(Extracted records)
_ _ _ _ _

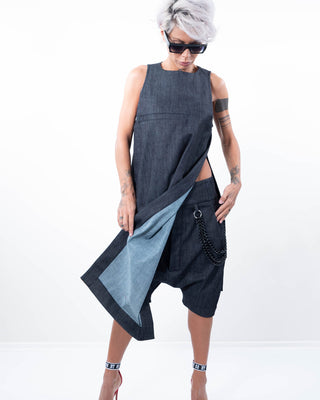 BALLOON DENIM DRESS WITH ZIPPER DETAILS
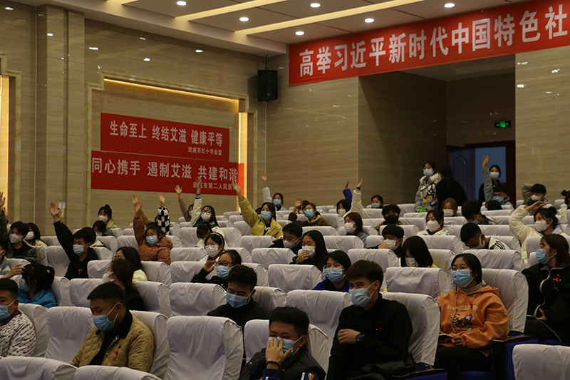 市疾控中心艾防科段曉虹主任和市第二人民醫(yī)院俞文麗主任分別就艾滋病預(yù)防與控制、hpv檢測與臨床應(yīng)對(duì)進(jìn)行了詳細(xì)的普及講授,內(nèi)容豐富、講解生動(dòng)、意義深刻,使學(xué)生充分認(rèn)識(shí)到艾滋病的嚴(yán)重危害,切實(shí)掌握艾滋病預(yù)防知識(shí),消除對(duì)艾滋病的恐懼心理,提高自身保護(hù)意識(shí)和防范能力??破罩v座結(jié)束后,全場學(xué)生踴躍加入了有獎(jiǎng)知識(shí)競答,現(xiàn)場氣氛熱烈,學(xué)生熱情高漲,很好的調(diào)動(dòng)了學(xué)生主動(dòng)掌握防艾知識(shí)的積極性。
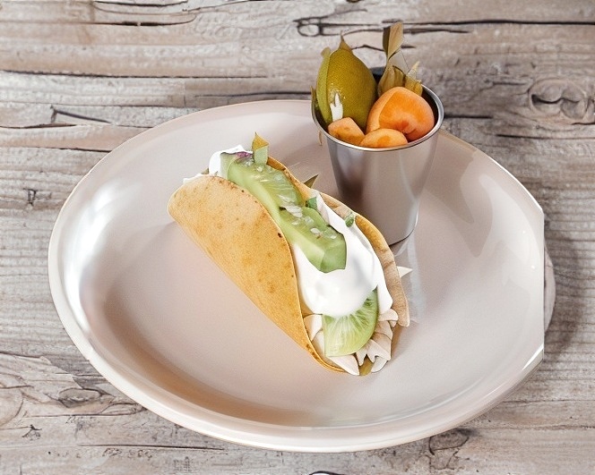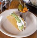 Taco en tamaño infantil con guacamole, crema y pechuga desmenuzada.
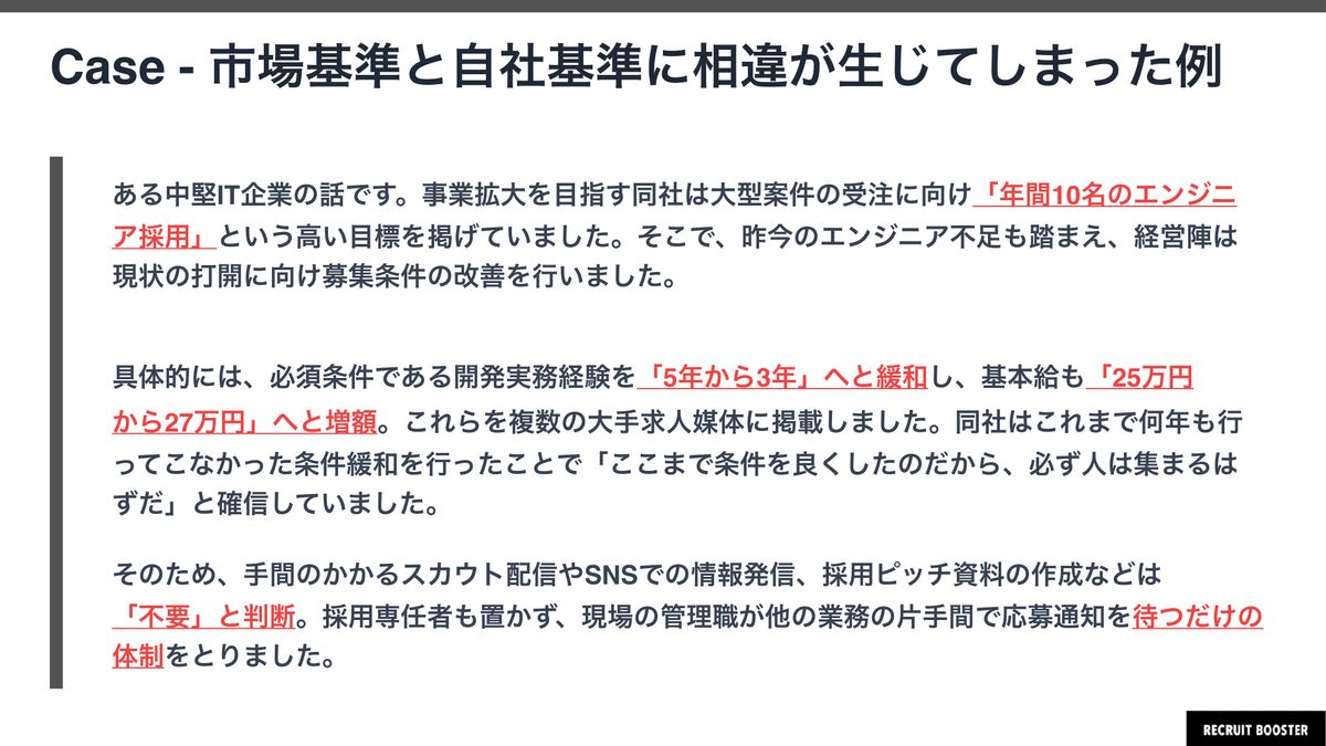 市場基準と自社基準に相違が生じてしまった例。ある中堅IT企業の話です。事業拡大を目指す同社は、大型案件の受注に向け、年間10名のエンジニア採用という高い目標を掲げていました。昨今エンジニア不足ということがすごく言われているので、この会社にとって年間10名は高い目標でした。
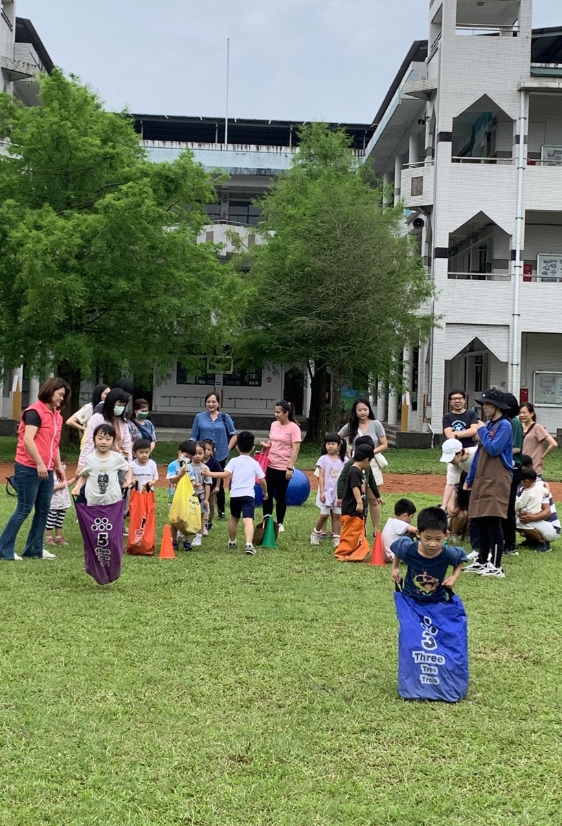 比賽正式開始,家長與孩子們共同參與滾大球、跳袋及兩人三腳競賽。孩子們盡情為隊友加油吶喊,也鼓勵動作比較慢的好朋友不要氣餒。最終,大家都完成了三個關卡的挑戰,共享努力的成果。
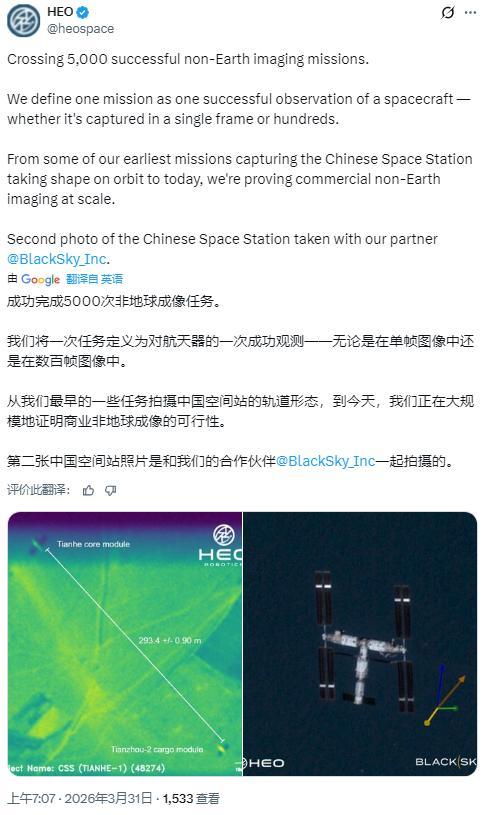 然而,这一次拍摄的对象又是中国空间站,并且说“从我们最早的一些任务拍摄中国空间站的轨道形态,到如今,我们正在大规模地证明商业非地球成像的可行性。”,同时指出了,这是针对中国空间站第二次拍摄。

_ _ _ _ _

◆ **What you need to do**
Leave the pictures behind and transcribe every record above exactly.

◆ **Completed task**
 BALLOON DENIM DRESS WITH ZIPPER DETAILS
 市疾控中心艾防科段曉虹主任和市第二人民醫(yī)院俞文麗主任分別就艾滋病預(yù)防與控制、hpv檢測與臨床應(yīng)對(duì)進(jìn)行了詳細(xì)的普及講授,內(nèi)容豐富、講解生動(dòng)、意義深刻,使學(xué)生充分認(rèn)識(shí)到艾滋病的嚴(yán)重危害,切實(shí)掌握艾滋病預(yù)防知識(shí),消除對(duì)艾滋病的恐懼心理,提高自身保護(hù)意識(shí)和防范能力??破罩v座結(jié)束后,全場學(xué)生踴躍加入了有獎(jiǎng)知識(shí)競答,現(xiàn)場氣氛熱烈,學(xué)生熱情高漲,很好的調(diào)動(dòng)了學(xué)生主動(dòng)掌握防艾知識(shí)的積極性。
 Taco en tamaño infantil con guacamole, crema y pechuga desmenuzada.
 市場基準と自社基準に相違が生じてしまった例。ある中堅IT企業の話です。事業拡大を目指す同社は、大型案件の受注に向け、年間10名のエンジニア採用という高い目標を掲げていました。昨今エンジニア不足ということがすごく言われているので、この会社にとって年間10名は高い目標でした。
 比賽正式開始,家長與孩子們共同參與滾大球、跳袋及兩人三腳競賽。孩子們盡情為隊友加油吶喊,也鼓勵動作比較慢的好朋友不要氣餒。最終,大家都完成了三個關卡的挑戰,共享努力的成果。
 然而,这一次拍摄的对象又是中国空间站,并且说“从我们最早的一些任务拍摄中国空间站的轨道形态,到如今,我们正在大规模地证明商业非地球成像的可行性。”,同时指出了,这是针对中国空间站第二次拍摄。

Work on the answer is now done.